Directions for this task:
From the first line to the last, return the data exactly, with no pictures.

Dataset entries:
★ ★ ★ ★ ★

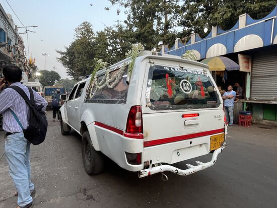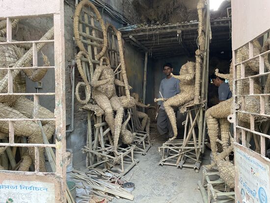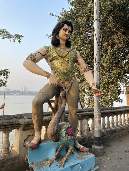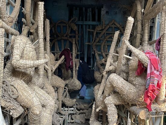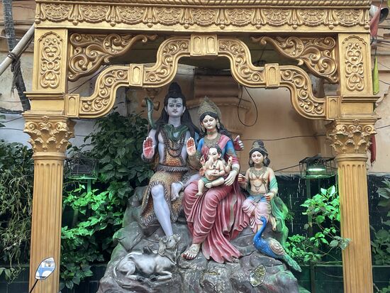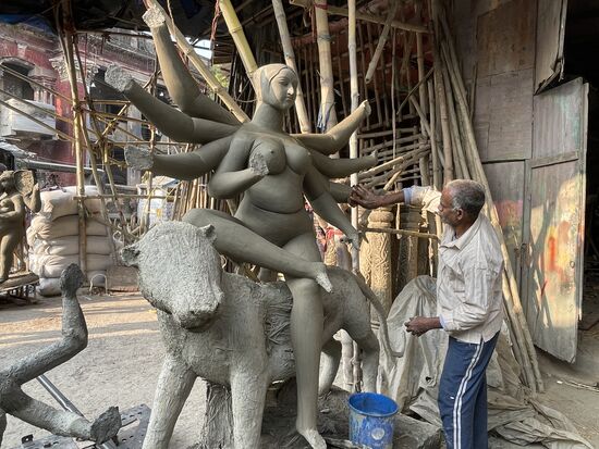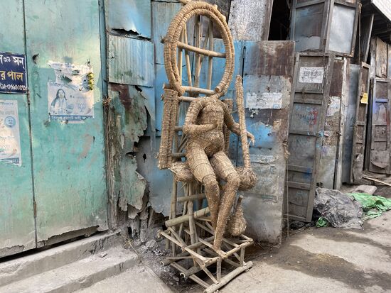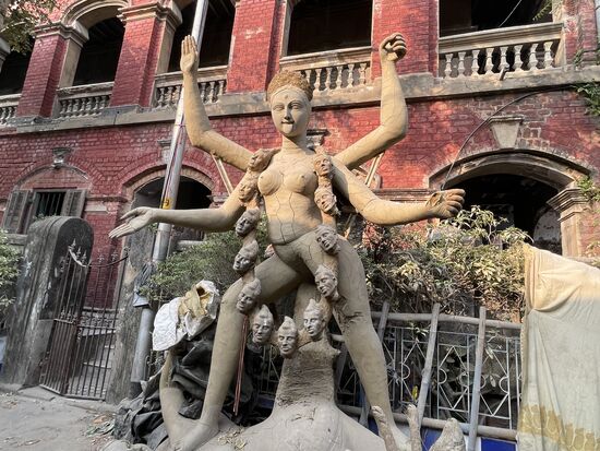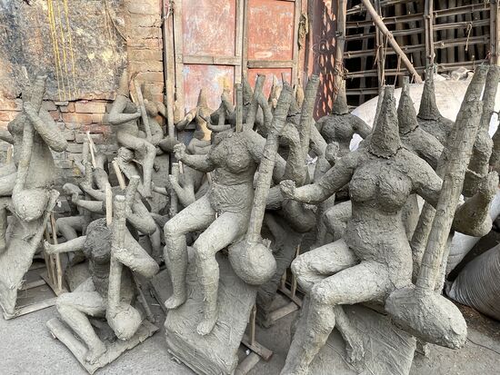Als ich dann bei einer anderen Werkstatt eine ganze Kolonie dieser Figuren mit einer Lehmschicht umschlossen sehe, dämmert es mir. Nicht kleine Tonfiguren sind es, die hier gemacht werden, sondern riesige Götterbilder. Viele Frauenfiguren mit grossen Brüsten und mehreren Armen. Es ist Kali, eine wilde schwarze Göttin.
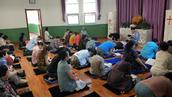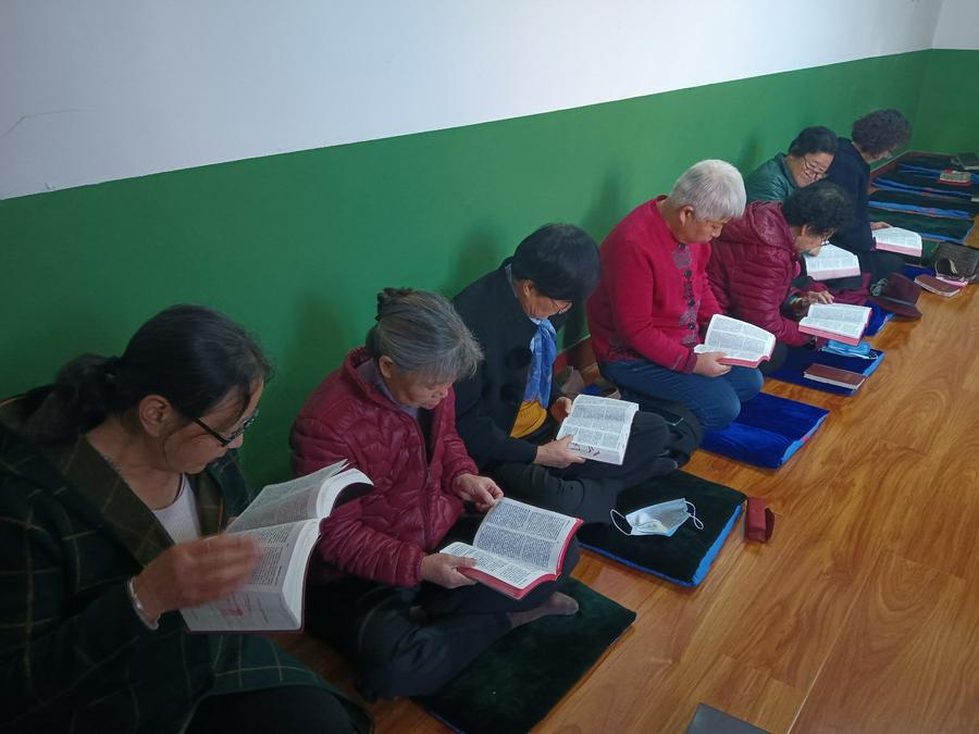 这时候的祷告室没有一丝杂音,唯有郭爱英长老领读和大家郎朗读经声。郭爱英长老跪在前排,手捧圣经字正腔圆的领读。大家也捧着翻开页面的圣经,跟着郭爱英长老一字一句的高声朗读。这时候的我们仿佛置身于庄严而神圣的课堂,在聆听神那一句句教训我们的话语,感到既严厉又慈爱。
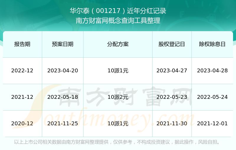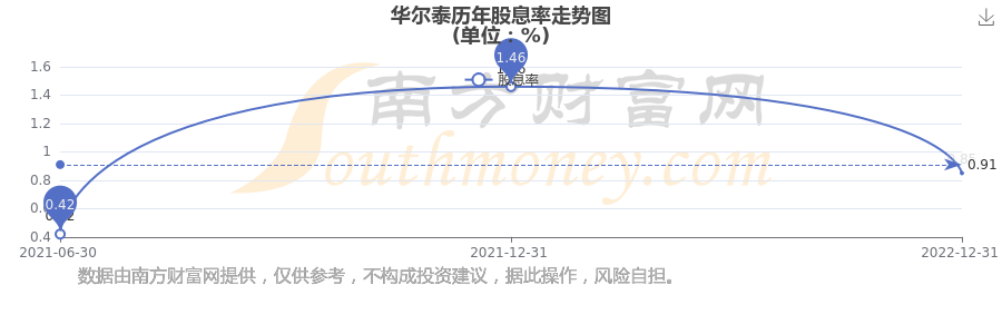 華爾泰最新一次公布的分紅方案為10派1元。本次權(quán)益分派股權(quán)登記日為2023年4月27日,除權(quán)除息日為2023年4月28日,派息日為2023年4月28日。
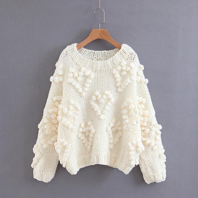 セーター ニット ラウンドネック 長袖 ボリューム袖 無地 ポンポン付き 大人可愛い ゆったり オーバーサイズ カジュアル 韓国ファッション 春夏 デート お出かけ 女子会 オシャレ トレンド ベーシック フェミニン レディース 白 グレー 赤
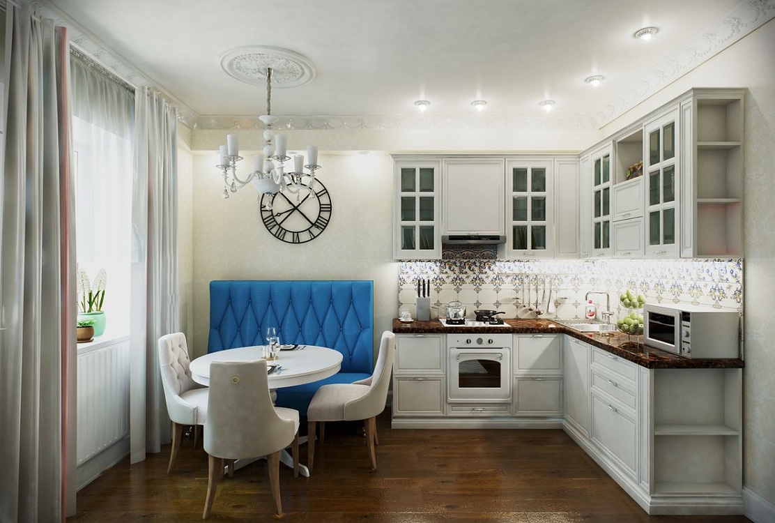 - Исторический стиль – будет хорошо смотреться в таком помещении. Большая кухня в сталинке, дизайн которой будет выполнен в стиле ампира или барокко, потребует финансовых вложений, поэтому такой вариант сложно назвать универсальным. Отделка, мебель, декор – все должно соответствовать уровню
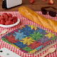 The quilt pattern showcases a vibrant mosaic of pinwheel and floral designs, with intricate patterns and a rich color palette that create a visually striking effect
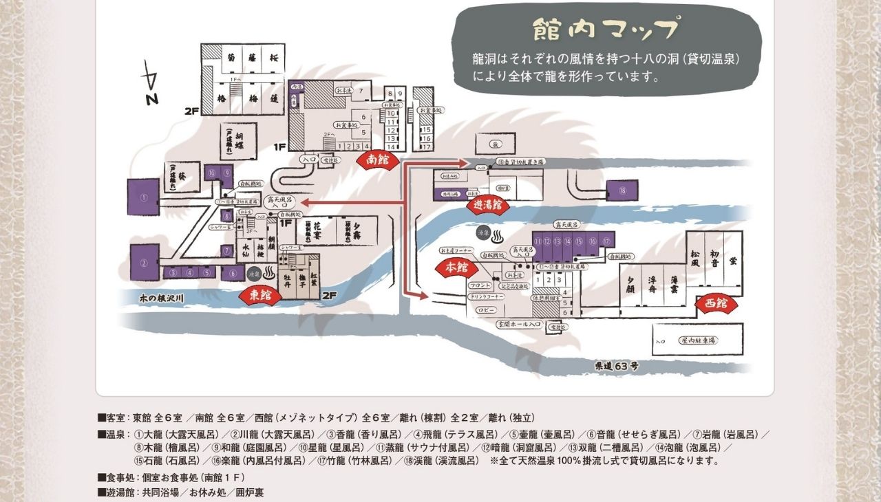 龍洞の貸切風呂を効率的に廻るには、どのお風呂に優先して入るか、事前に計画を立てた方がいいですね。この計画を立てるということも龍洞ならではのワクワクする醍醐味です。
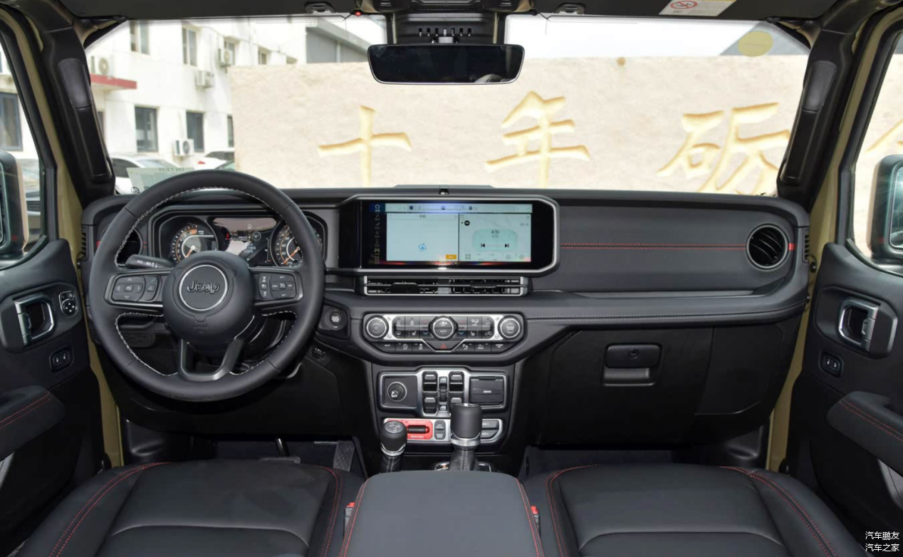 开门上车,你会发现它的内饰设计低调,但极具品质感。虽然为了保证在越野颠簸路况下依然能够使用车内功能而大量采用实体按键,但从液晶仪表到12.3英寸中控大屏,从Uconnect 5信息娱乐系统到CarPlay,从电动调节到前排座椅,到阿尔派扬声器在内的现代化装备,都在让牧马人在表达着经典传承的同时,也不会失去年轻一族。
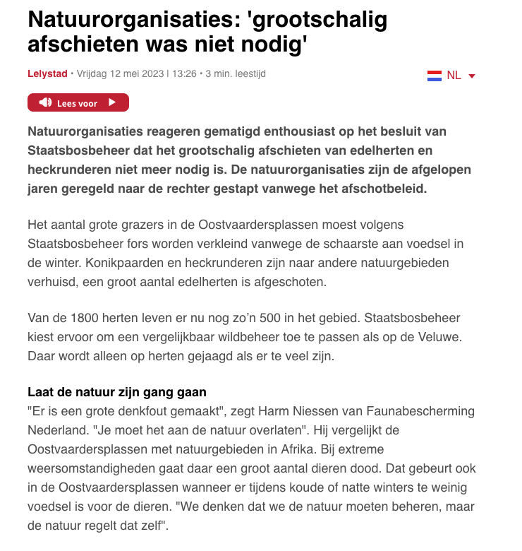 Provincie Flevoland heeft lak aan de participerende burger. Om een beetje oog te krijgen hoe de overheid te werk gaat hier het overzicht. De overheid koos voor de reductiemethode jaren ‘ niks doen’ ( niet ingrijpen). D.w.z in de tussentijd de populatie flink laten aangroeien. Met als gevolg dat men koos 3000 grazers langzaam te laten uithongeren. Na maanden honger kregen de grazers uiteindelijk een ‘genadeschot’. De overheid was verrast dat dit alles maatschappelijke onrust gaf ( 2017 ) De onrust werd gedempt door een belofte. Samen te zoeken naar humaan beleid. Die oproep kwam van de minister van Landbouw Carola Schouten en de provincie Flevoland. Zij gingen samen met de burger op zoek naar humaan beleid. Iedereen kon humaan beleid opperen. Meer dan dertig groepen kwamen er op af. Meer dan dertig groepen participeerde langer dan een jaar. Om te komen tot nieuw humaan beleid.Meer dan dertig groepen gaven aan dat de reductiemethode van de overheid : uithongering & doodschieten hen niet zinde. De werkgroep opperde de oplossing en de wetenschappers tijdens het participatietraject. De provincie Flevoland kon in dat traject de werkgroep en de wetenschappers flink zwart maken. Zo ontliep de provincie Flevoland haar wettelijke verplichting; het bevredigende alternatief dus humaan beheer. Dit omdat de provincie er alles aan kan doen om afschot, slacht en uithongering als reductiemethode te behouden. Geen handhaving, geen toezicht, geen inspanningsverplichting, geen rechten voor de participerende burger, zelfs beloftes in beleid en beloftes in afschotvergunningen kunnen ontlopen worden.
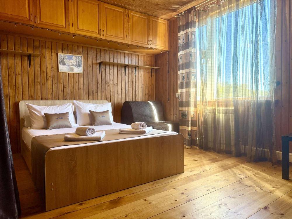Улучшенный однокомнатный номер , оборудованный всем необходимым для комфортного проживания. Из окна открывается потрясающий вид на горы. В распоряжении Гостей: ᅳ ванная комната (душ/туалет/раковина) ᅳ двуспальная кровать ᅳ необходимые косметические и гигиенические средства (шампунь, мыло, гель) ᅳ необходимый комплект домашнего текстиля ᅳ телевизор ᅳ холодильник ᅳ чайная станция ᅳ фен (на ресепшене)
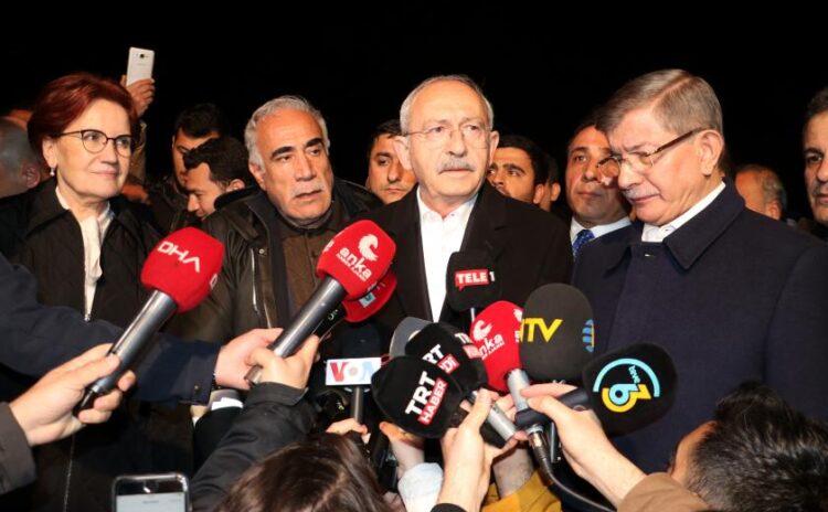 Kılıçdaroğlu; Akşener ve Davutoğlu ile birlikte sel bölgesini ziyaret etti. CHP Genel Başkanı ve Millet İttifakı Cumhurbaşkanı Adayı Kemal Kılıçdaroğlu, İyi Parti Genel Başkanı Meral Akşener ve Gelecek Partisi Genel Başkanı Ahmet Davutoğlu Şanlıurfa’da sel bölgesini ziyaret etti.
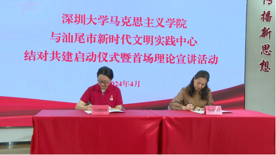 啟動儀式上,深圳大學(xué)馬克思主義學(xué)院與汕尾市新時代文明實踐中心簽訂結(jié)對共建合作協(xié)議,充分發(fā)揮重點馬克思主義學(xué)院在理論研究和宣傳闡釋方面的示范引領(lǐng)作用,共同推動習(xí)近平新時代中國特色社會主義思想深入基層、深入群眾、深入人心。

★ ★ ★ ★ ★

Task solution:
Als ich dann bei einer anderen Werkstatt eine ganze Kolonie dieser Figuren mit einer Lehmschicht umschlossen sehe, dämmert es mir. Nicht kleine Tonfiguren sind es, die hier gemacht werden, sondern riesige Götterbilder. Viele Frauenfiguren mit grossen Brüsten und mehreren Armen. Es ist Kali, eine wilde schwarze Göttin.
 这时候的祷告室没有一丝杂音,唯有郭爱英长老领读和大家郎朗读经声。郭爱英长老跪在前排,手捧圣经字正腔圆的领读。大家也捧着翻开页面的圣经,跟着郭爱英长老一字一句的高声朗读。这时候的我们仿佛置身于庄严而神圣的课堂,在聆听神那一句句教训我们的话语,感到既严厉又慈爱。
 華爾泰最新一次公布的分紅方案為10派1元。本次權(quán)益分派股權(quán)登記日為2023年4月27日,除權(quán)除息日為2023年4月28日,派息日為2023年4月28日。
 セーター ニット ラウンドネック 長袖 ボリューム袖 無地 ポンポン付き 大人可愛い ゆったり オーバーサイズ カジュアル 韓国ファッション 春夏 デート お出かけ 女子会 オシャレ トレンド ベーシック フェミニン レディース 白 グレー 赤
 - Исторический стиль – будет хорошо смотреться в таком помещении. Большая кухня в сталинке, дизайн которой будет выполнен в стиле ампира или барокко, потребует финансовых вложений, поэтому такой вариант сложно назвать универсальным. Отделка, мебель, декор – все должно соответствовать уровню
 The quilt pattern showcases a vibrant mosaic of pinwheel and floral designs, with intricate patterns and a rich color palette that create a visually striking effect
 龍洞の貸切風呂を効率的に廻るには、どのお風呂に優先して入るか、事前に計画を立てた方がいいですね。この計画を立てるということも龍洞ならではのワクワクする醍醐味です。
 开门上车,你会发现它的内饰设计低调,但极具品质感。虽然为了保证在越野颠簸路况下依然能够使用车内功能而大量采用实体按键,但从液晶仪表到12.3英寸中控大屏,从Uconnect 5信息娱乐系统到CarPlay,从电动调节到前排座椅,到阿尔派扬声器在内的现代化装备,都在让牧马人在表达着经典传承的同时,也不会失去年轻一族。
 Provincie Flevoland heeft lak aan de participerende burger. Om een beetje oog te krijgen hoe de overheid te werk gaat hier het overzicht. De overheid koos voor de reductiemethode jaren ‘ niks doen’ ( niet ingrijpen). D.w.z in de tussentijd de populatie flink laten aangroeien. Met als gevolg dat men koos 3000 grazers langzaam te laten uithongeren. Na maanden honger kregen de grazers uiteindelijk een ‘genadeschot’. De overheid was verrast dat dit alles maatschappelijke onrust gaf ( 2017 ) De onrust werd gedempt door een belofte. Samen te zoeken naar humaan beleid. Die oproep kwam van de minister van Landbouw Carola Schouten en de provincie Flevoland. Zij gingen samen met de burger op zoek naar humaan beleid. Iedereen kon humaan beleid opperen. Meer dan dertig groepen kwamen er op af. Meer dan dertig groepen participeerde langer dan een jaar. Om te komen tot nieuw humaan beleid.Meer dan dertig groepen gaven aan dat de reductiemethode van de overheid : uithongering & doodschieten hen niet zinde. De werkgroep opperde de oplossing en de wetenschappers tijdens het participatietraject. De provincie Flevoland kon in dat traject de werkgroep en de wetenschappers flink zwart maken. Zo ontliep de provincie Flevoland haar wettelijke verplichting; het bevredigende alternatief dus humaan beheer. Dit omdat de provincie er alles aan kan doen om afschot, slacht en uithongering als reductiemethode te behouden. Geen handhaving, geen toezicht, geen inspanningsverplichting, geen rechten voor de participerende burger, zelfs beloftes in beleid en beloftes in afschotvergunningen kunnen ontlopen worden.
Улучшенный однокомнатный номер , оборудованный всем необходимым для комфортного проживания. Из окна открывается потрясающий вид на горы. В распоряжении Гостей: ᅳ ванная комната (душ/туалет/раковина) ᅳ двуспальная кровать ᅳ необходимые косметические и гигиенические средства (шампунь, мыло, гель) ᅳ необходимый комплект домашнего текстиля ᅳ телевизор ᅳ холодильник ᅳ чайная станция ᅳ фен (на ресепшене)
 Kılıçdaroğlu; Akşener ve Davutoğlu ile birlikte sel bölgesini ziyaret etti. CHP Genel Başkanı ve Millet İttifakı Cumhurbaşkanı Adayı Kemal Kılıçdaroğlu, İyi Parti Genel Başkanı Meral Akşener ve Gelecek Partisi Genel Başkanı Ahmet Davutoğlu Şanlıurfa’da sel bölgesini ziyaret etti.
 啟動儀式上,深圳大學(xué)馬克思主義學(xué)院與汕尾市新時代文明實踐中心簽訂結(jié)對共建合作協(xié)議,充分發(fā)揮重點馬克思主義學(xué)院在理論研究和宣傳闡釋方面的示范引領(lǐng)作用,共同推動習(xí)近平新時代中國特色社會主義思想深入基層、深入群眾、深入人心。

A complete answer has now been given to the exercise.